- Original author: UCLouvain
- Developer: Claroline
- Stable release: 13.1.3 / December 22, 2021; 4 years ago
- Written in: PHP
- Operating system: Windows, macOS, Linux
- Available in: 35 languages
- Type: LMS
- License: GNU GPL
- Website: claroline.com
- Repository: github.com/claroline/Claroline ;

= Claroline =

E-learning- and e-working-platform

Claroline is an open-source collaborative eLearning and eWorking platform, (learning management system) operating under the GPL open-source license. It enables organizations to develop and manage courses and collaboration spaces online. Used extensively in educational institutions and by enterprises for data sharing, it boasts availability in around 100 countries and supports 35 languages

==Tools==
The Claroline platform is organized around the concept of spaces associated with courses or pedagogical activities. Each course space provides a list of tools enabling the teacher to:

- Write a course description
- Publish documents in any format (text, PDF, HTML, video, etc...)
- Administer public or private forums
- Create learning paths (compatible with SCORM)
- Create groups of users
- Compose exercises (compatible with IMS / QTI standard 2)
- Structure an agenda with tasks and deadlines
- Post notifications (also by email)
- Propose home work and mark online
- View statistics of attendance and completion exercises
- Use the wiki to write collaborative documents

==Development==
The Claroline programme was initiated by the University of Louvain in Louvain-la-Neuve, Belgium, at the end of the 1990s. Since 2000, Claroline development teams have been focusing on code stability and the development of features in line with users' needs. The main concern of the developers is not to build up a large number of new features, but to concentrate on a few elaborated tools concerning the pedagogical approach and the interface offered to the users. A large worldwide community of users and developers also extensively contributes to Claroline's development and diffusion.

==Annual Conference of Claroline Users (ACCU)==

To promote the use of Claroline and encourage the relationship between contributors, each year, the Claroline community meets at the Annual Conference of Claroline Users (ACCU).
The ACCU is a unique opportunity to meet users and developers of many countries to share experiences and accomplishment.
The first ACCU was organized on May 22 and 23, 2006 in Louvain-la-Neuve (Belgium). It was also held in other cities such as Vigo (Spain), Lyon (France) and Saidia (Morocco).

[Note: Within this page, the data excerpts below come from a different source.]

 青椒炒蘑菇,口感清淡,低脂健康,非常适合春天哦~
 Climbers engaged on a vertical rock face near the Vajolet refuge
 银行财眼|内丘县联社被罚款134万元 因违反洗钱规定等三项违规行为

==Unesco honours Claroline==

The Claroline project is the winner of the 2007 UNESCO – King Hamad Bin Isa Al-Khalifa Prize for the Use of ICT in Education.
The Claroline project was chosen out of 68 projects from 51 countries.

==Claroline Connect==

In addition to the developments related to the maintenance and evolution of the current version of the platform, development teams are working on a new version of Claroline.

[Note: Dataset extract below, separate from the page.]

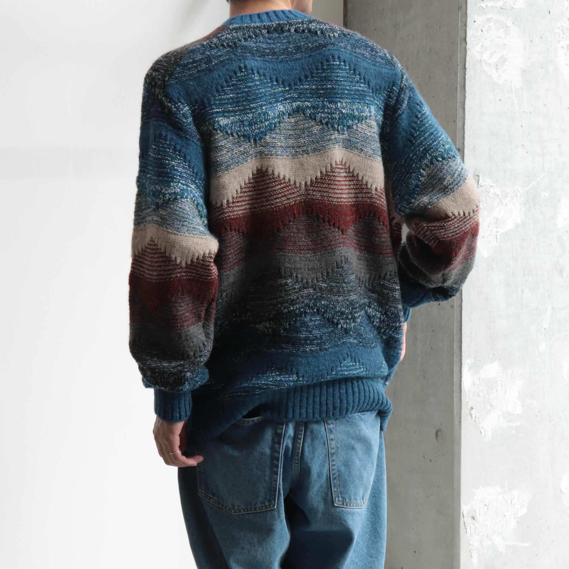 太さや色の異なる糸によってアブストラクトなパターンを表現したクルーネックニット。

Remaining true to the principles of simplicity, flexibility and stability that characterize Claroline, a new version known as code name Claroline Connect will be introduced. This will offer many new features while maintaining some general guidelines such as the following:

- User orientation
- Custom profiles
- Independent learning
- Resources modularity and openness to the environment and to changes in the web
- Genericity and variety of learning tools and collaborative work
- Freedom of configuration

==Partners==
Developed since 2000 by UCLouvain (University of Louvain, Belgium), Claroline has been developed following teacher's pedagogical experience and needs. Claroline is now financially supported by the Walloon Region for its development through the WIST programme.

Within this programme, Claroline associates three Belgian partners :
- IPM, a pedagogy and multimedia research institute at UCLouvain, Louvain-la-Neuve
- CERDECAM, the Research and Development Centre of the ECAM engineering school, based at UCLouvain Woluwe campus, Brussels
- LENTIC, research centre on new technologies, innovation and change of the University of Liège, in Liège

==Consortium Claroline==
The Claroline Consortium was born on May 23, 2007, during the second annual conference of Claroline users that was held at the Vigo University, Spain. This non-profit international association mainly aims at federating the Claroline community, coordinating the platform’s development and promoting its use.

The 5 founding members of the Consortium are:

- UCLouvain, Belgium, presiding
- Haute École Léonard de Vinci, Belgium
- Universidade de Vigo, Spain
- Université du Québec à Rimouski, Canada
- Universidad Católica del Norte, Chile.